Though Gonick is best known for his work in film and installation, his passion for the arts began with theatre. "Me and a bunch of my friends created a theatre company. We were the first group to use the Gas Station Theatre when it opened in the 1980s," he recalls. His interest in theatre has continued to this day — he works as a director for companies such as Tara Players.
Every artist has a process, and Gonick’s well-crafted sense of the theatrical drew him back to this defining moment of Winnipeg’s history. "You can’t really refuse the muse when it comes to you. It came to me like a streetcar going down the tracks and I just had to pay attention."
The sculpture has been installed in a similarly dramatic location: across from city hall, and right in the heart of Winnipeg’s theatre district.
"It’s the most intense thing that we have ever produced here," says Gonick of the work, which was built by DMS Industrial Constructors in Transcona, "and it’s wonderful to have the statue where it is, where audiences going to concerts, shows and festivals can see it."
Gonick had the initial inspiration for Bloody Saturday, but he quickly found a collaborator.
"I immediately took the idea to Bernie Miller and he interpreted it as a public art sculpture," Gonick says. "He did the drawing and oversaw the initial meetings with fabricators and engineers. He really figured out logistically how to make it happen."
The Winnipeg Arts Council also played a vital role in the creation of the piece. "The sculpture would not have happened without the commission from the WAC," adds Gonick. "They were on board as soon as they heard the idea.

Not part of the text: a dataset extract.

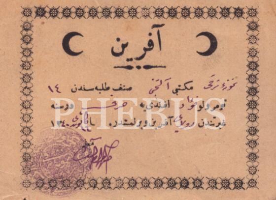 Numune-i Terakki Mektebi´nden sarf dersi için verilen aferin kâğıdı, 1340, 7x10 cm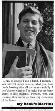 their grant, or tide them over with a student overdraft. From 1961 to 1964 Martins Bank’s advertising

"They supported the piece financially with a quarter of a million dollars and helped us raise the remaining funds. They were also integral in securing the location for the sculpture on the corner of Portage Avenue and Market Avenue.
"They were fantastic."
With funding secured, Gonick and Miller got to work. Upon completion of the drawings, Miller said to Gonick, "Our work here is done."
Not long after, on Oct. 22, 2017, Miller died at the age of 69.
Theatrical timing, indeed.
In life as in death, Bernie Miller was something of an enigma to many people. A prolific Canadian artist, it may be surprising to learn he only produced one solo exhibition of work; none of those sculptures or drawings was ever purchased.
"Bernie never expected his large sculptures to be sold," says his longtime partner, the esteemed cultural critic, writer, performance artist and psychiatrist Jeanne Randolph. "He called them ‘stage sets,’ sometimes throwing them away."
The impermanence and ephemerality of many of Miller’s pieces stands in confusing opposition to that of his final work, which is a permanent work of public art.
"Bernie eschewed the limelight and never agreed to giving artist talks," says Randolph, in her generous reflection of Miller’s work and life. "He had no interest in autobiographic or expressionistic art."
But she is quick to remind us that artists — just like the rest of us — grow and change. "It was only in the few years before he died that he realized how, in some hidden layer of his mind, his work had the undertones of autobiography."
Bloody Saturday is permanently on display for the public, free and at any time of day or night at the Pantages Theatre Plaza.